▶ **Problem statement**
The records must be duplicated exactly, with every picture left out.

------------------------

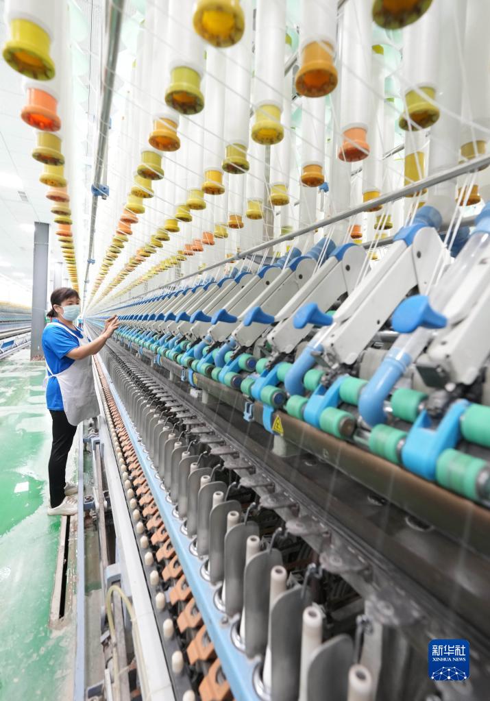 4月22日,工人在晋州市一家纺织企业的纺纱车间工作。
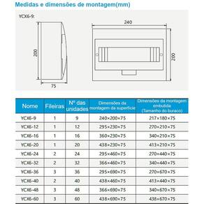 Caixa de embutir termoplástica 24 disjuntores modelo ycx6-24 A eng automação é uma empresa que oferece soluções para automação, elétrica, hidráulica e pneumática. Buscamos soluções simples e práticas para nossos clientes. Fornecemos produtos para aplicações de projetos simples diy , projetos de teste e até mesmo para projetos de alta performance, pois temos uma alta diversidade de produtos de variadas marcas e variados tipos de aplicação. Somos comprometidos a oferecer artigos que supram as necessidades de nossos parceiros sempre com o melhor custo-benefício. Conte conosco para concretizar seus projetos com qualidade e eficácia Especificações: - dimensões: 47 x 30 x 12mm - peso: 1,8 kg - prova de água - grau de proteção: ip66 Funções: -evitar sobrecargas e curtos circuitos nesses equipamentos, pois atuam na tentativa de impedir que sejam inativados ou invalidados por grandes correntes Todas as dúvidas podem ser auxiliadas pós-venda. Temos técnico disponível para auxiliar e ajudar com dúvidas técnicas ou de instalações. Marca: Não Informado
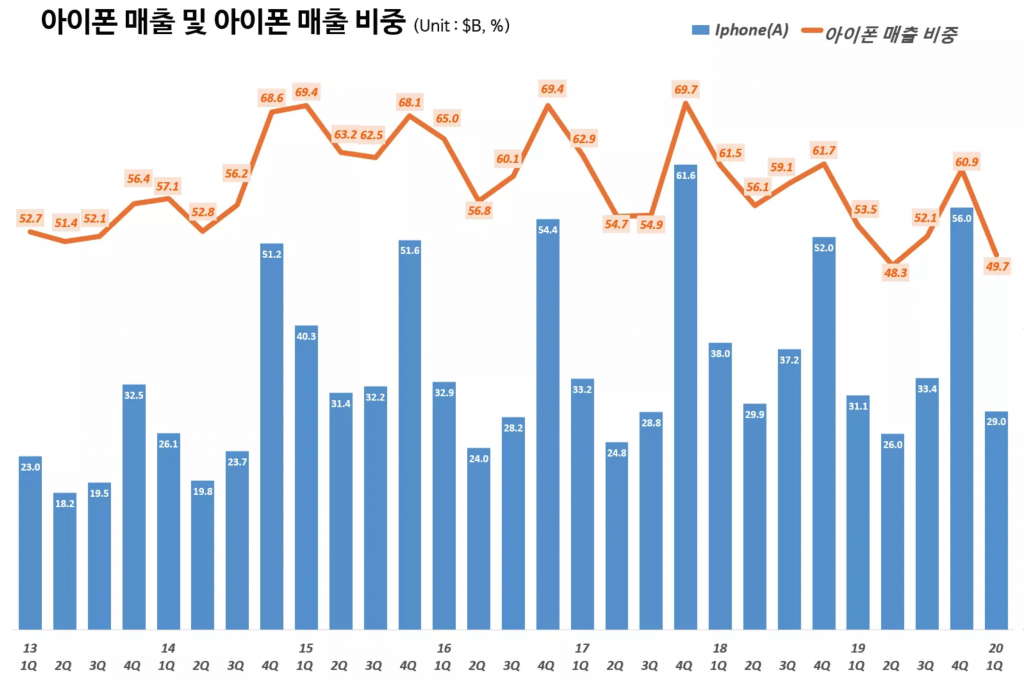 애플 매출은 크게 ▲아이폰 ▲서비스 ▲맥 ▲아이패드 ▲웨어러블, 액세러리 등으로 나눌 수 있는데요. 이중 아이폰 매출은 50%로 대부분 비중을 차지하고 있습니다.
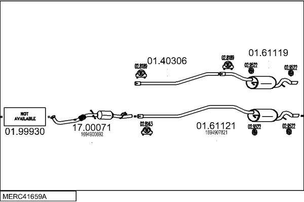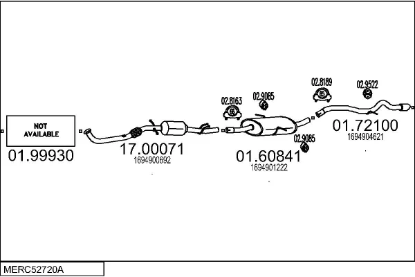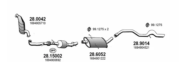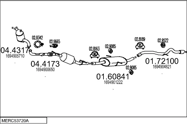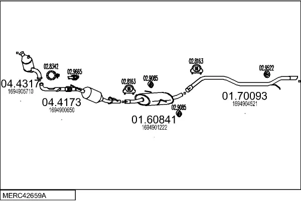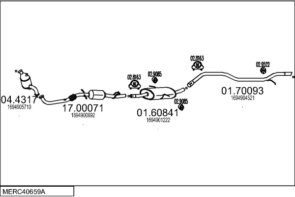 MERCEDES-BENZ B-CLASS Sports Tourer (W245) B 180 CDI (245.207) - Výfukový systém - kompletní od 3/2005 do 11/2011, 1991 ccm, 80 kW, 109 hp, OM 640.940, Šikmá zadní část
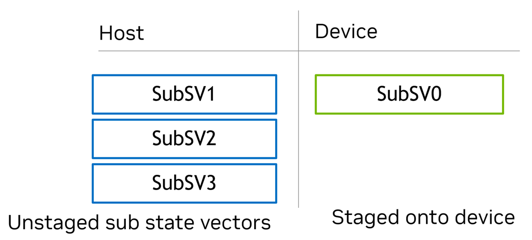 State vector with host memory (2 migration wires). SubSV0 is staged on device, and SubSV1-3 are unstaged on host.#
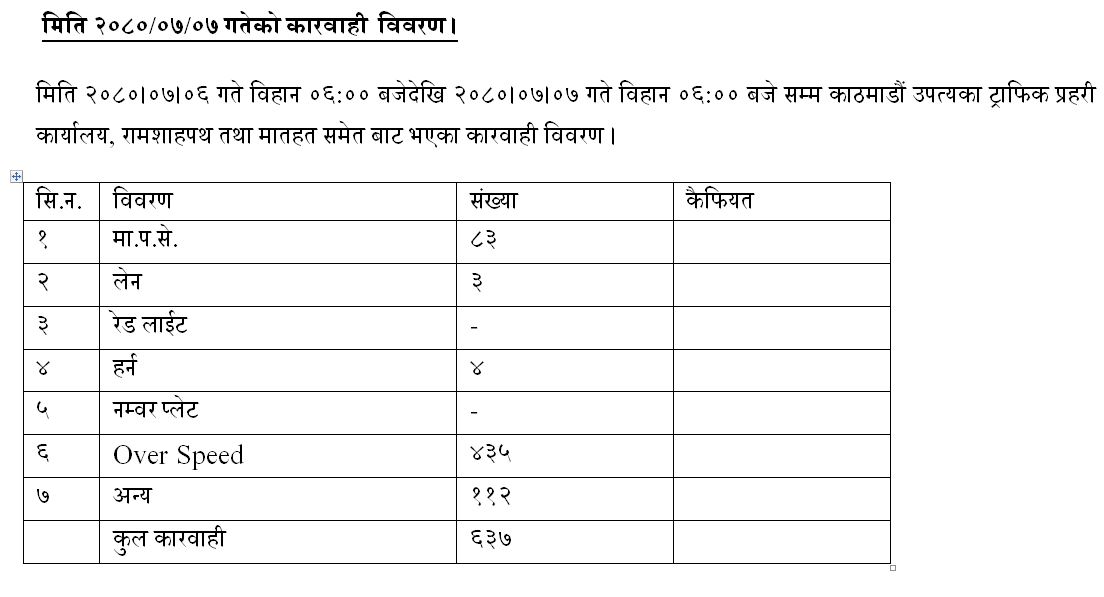 काठमाडाैं उपत्यका ट्राफिक प्रहरी कार्यालय, रामशाहपथ तथा मातहत समेतबाट भएका कारबाहीको विवरण ट्राफिक प्रहरीले सार्वजनिक गरेको छ ।
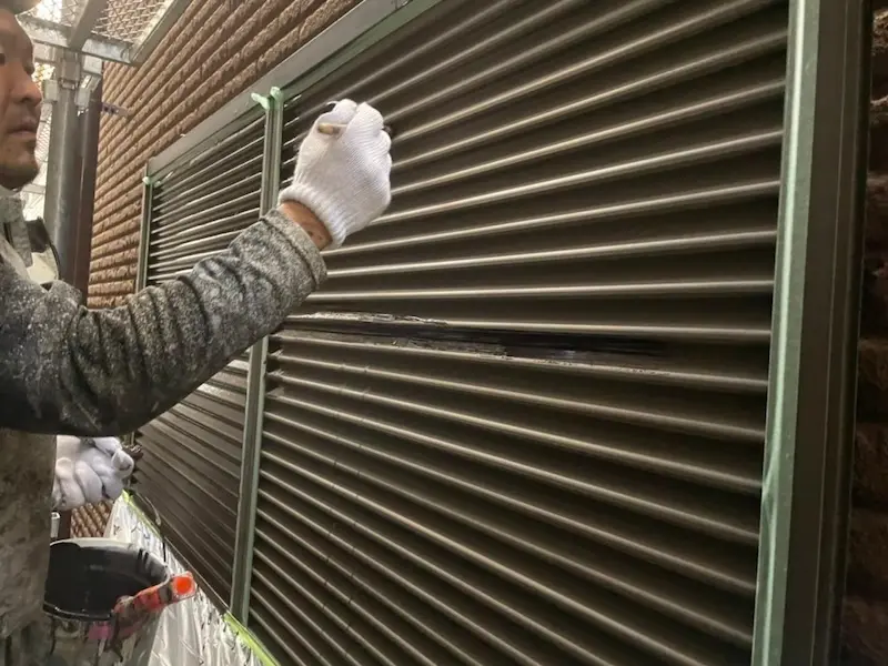 雨戸の枠のところはアルミですので塗装しませんが、正面の波板部分は鋼板が使われていて経年劣化で色褪せてくるため、定期的に塗装が必要です。
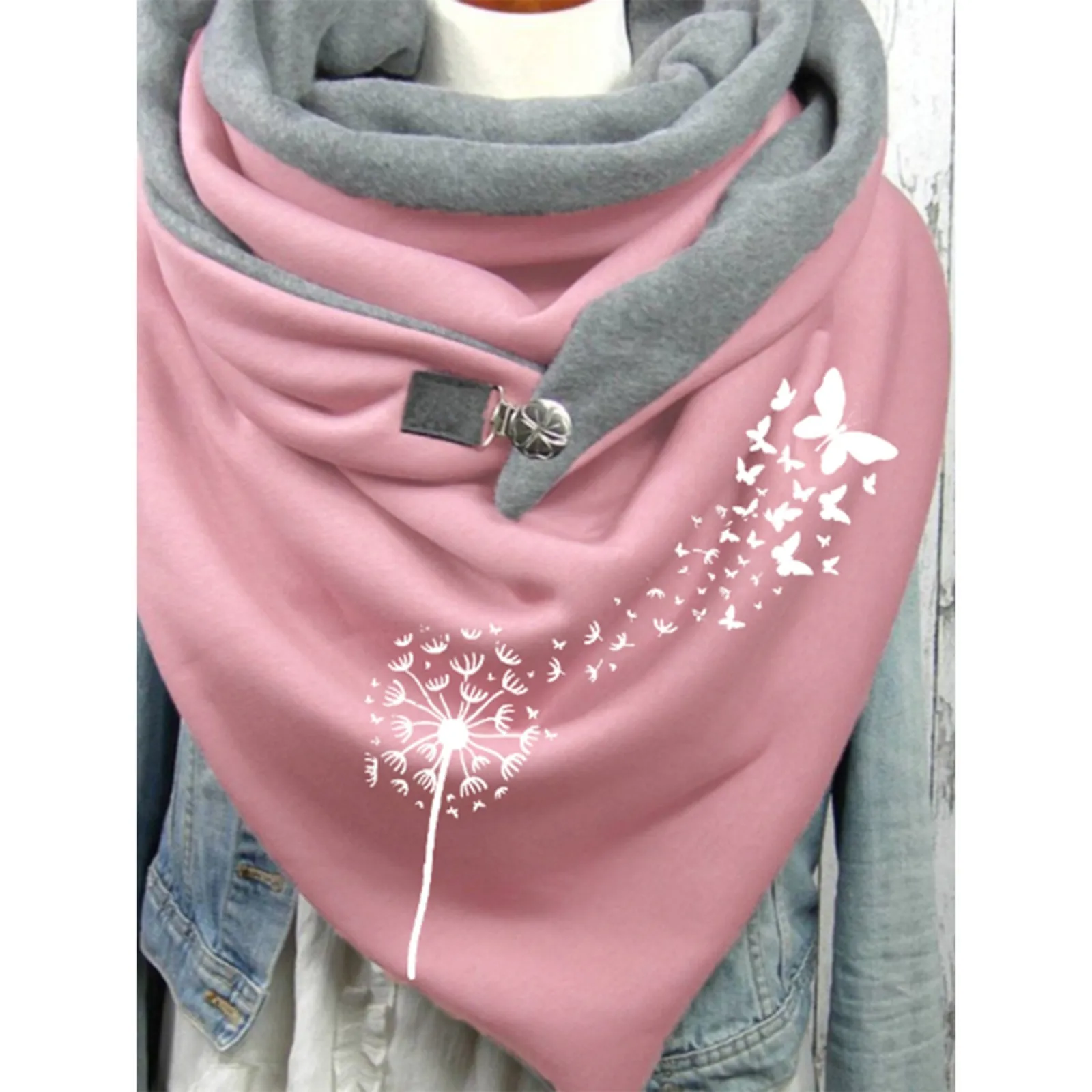 Зимний теплый шарф, Женский мягкий шарф на пуговицах с принтом в виде бабочки и перьев, женские повседневные теплые шарфы, шали bufanda

------------------------

▶ **Exercise output**
 4月22日,工人在晋州市一家纺织企业的纺纱车间工作。
 Caixa de embutir termoplástica 24 disjuntores modelo ycx6-24 A eng automação é uma empresa que oferece soluções para automação, elétrica, hidráulica e pneumática. Buscamos soluções simples e práticas para nossos clientes. Fornecemos produtos para aplicações de projetos simples diy , projetos de teste e até mesmo para projetos de alta performance, pois temos uma alta diversidade de produtos de variadas marcas e variados tipos de aplicação. Somos comprometidos a oferecer artigos que supram as necessidades de nossos parceiros sempre com o melhor custo-benefício. Conte conosco para concretizar seus projetos com qualidade e eficácia Especificações: - dimensões: 47 x 30 x 12mm - peso: 1,8 kg - prova de água - grau de proteção: ip66 Funções: -evitar sobrecargas e curtos circuitos nesses equipamentos, pois atuam na tentativa de impedir que sejam inativados ou invalidados por grandes correntes Todas as dúvidas podem ser auxiliadas pós-venda. Temos técnico disponível para auxiliar e ajudar com dúvidas técnicas ou de instalações. Marca: Não Informado
 애플 매출은 크게 ▲아이폰 ▲서비스 ▲맥 ▲아이패드 ▲웨어러블, 액세러리 등으로 나눌 수 있는데요. 이중 아이폰 매출은 50%로 대부분 비중을 차지하고 있습니다.
 MERCEDES-BENZ B-CLASS Sports Tourer (W245) B 180 CDI (245.207) - Výfukový systém - kompletní od 3/2005 do 11/2011, 1991 ccm, 80 kW, 109 hp, OM 640.940, Šikmá zadní část
 State vector with host memory (2 migration wires). SubSV0 is staged on device, and SubSV1-3 are unstaged on host.#
 काठमाडाैं उपत्यका ट्राफिक प्रहरी कार्यालय, रामशाहपथ तथा मातहत समेतबाट भएका कारबाहीको विवरण ट्राफिक प्रहरीले सार्वजनिक गरेको छ ।
 雨戸の枠のところはアルミですので塗装しませんが、正面の波板部分は鋼板が使われていて経年劣化で色褪せてくるため、定期的に塗装が必要です。
 Зимний теплый шарф, Женский мягкий шарф на пуговицах с принтом в виде бабочки и перьев, женские повседневные теплые шарфы, шали bufanda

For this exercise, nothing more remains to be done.